> **Aim of the task**
Begin with the first line of the material and write out each line exactly, ending with the line that contains "Входная металлическая Дверь". Pictures are not part of the copy.

> **Records**
· · · ·
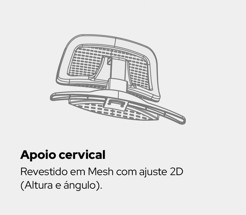 Suporte cervical: apoio de cabeça em mesh com ajuste de altura e ângulo para alívio da tensão.
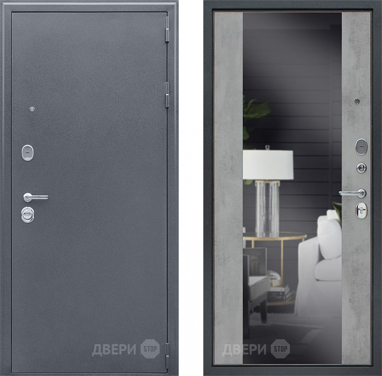 Входная металлическая Дверь АСД Спартак-Б с зеркалом Бетон светлый в Рузе 860х2050 мм
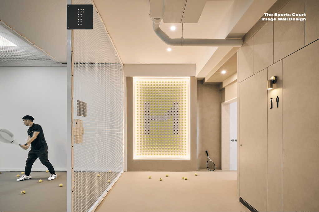 Extensibility of the brand visual into the sports court image wall design, the creative concept was from the infinitely expandable of the sports imagery. The image wall used an arrangement of several balls to create the “H" alphabet brand logo. Through the lighting effect, the three-dimensional sense of the ball is presented. The visual perfectly blends into the texture of the space design.
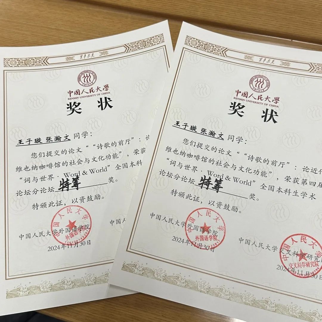 2024年11月30日,由中国人民大学外国语学院、交叉科学研究院主办的第四届“词与世界”全国乐动在线学术论坛顺利落幕。本届论坛以“外国语言文学与跨学科创新”为主题,涵盖英语、法语、德语、日语、俄语、西班牙语六个语种,面向全国高校乐动在线征稿。乐动在线德语系2023级乐动在线王子璇、张瀚文在德语系林琳老师的指导下,完成了以《‘诗歌的前厅’:论近代维也纳咖啡馆的社会与文化功能》为题的研究,在论坛宣读报告,最终荣获分论坛特等奖的殊荣。
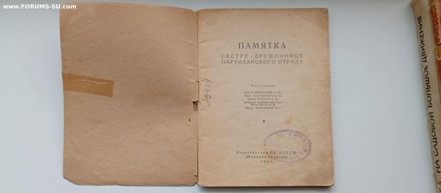 продам a.v.kuzmin - 29 сен 2025 20:42.39 × Мини профиль пользователя a.v.kuzmin Сообщения: 2 Зарегистрирован: 29 сен 2025 19:12.40 Статус: Не в сети - 29 сен 2025 20:42.39 #6873730 Памятка сестре-дружиннице партизанского отряда, издательство "Молодая гвардия", 1941 г. ,тираж 30000 экз.Все страницы на месте. 25000 руб. Фото
· · · ·
> **Exercise output**
 Suporte cervical: apoio de cabeça em mesh com ajuste de altura e ângulo para alívio da tensão.
 Входная металлическая Дверь АСД Спартак-Б с зеркалом Бетон светлый в Рузе 860х2050 мм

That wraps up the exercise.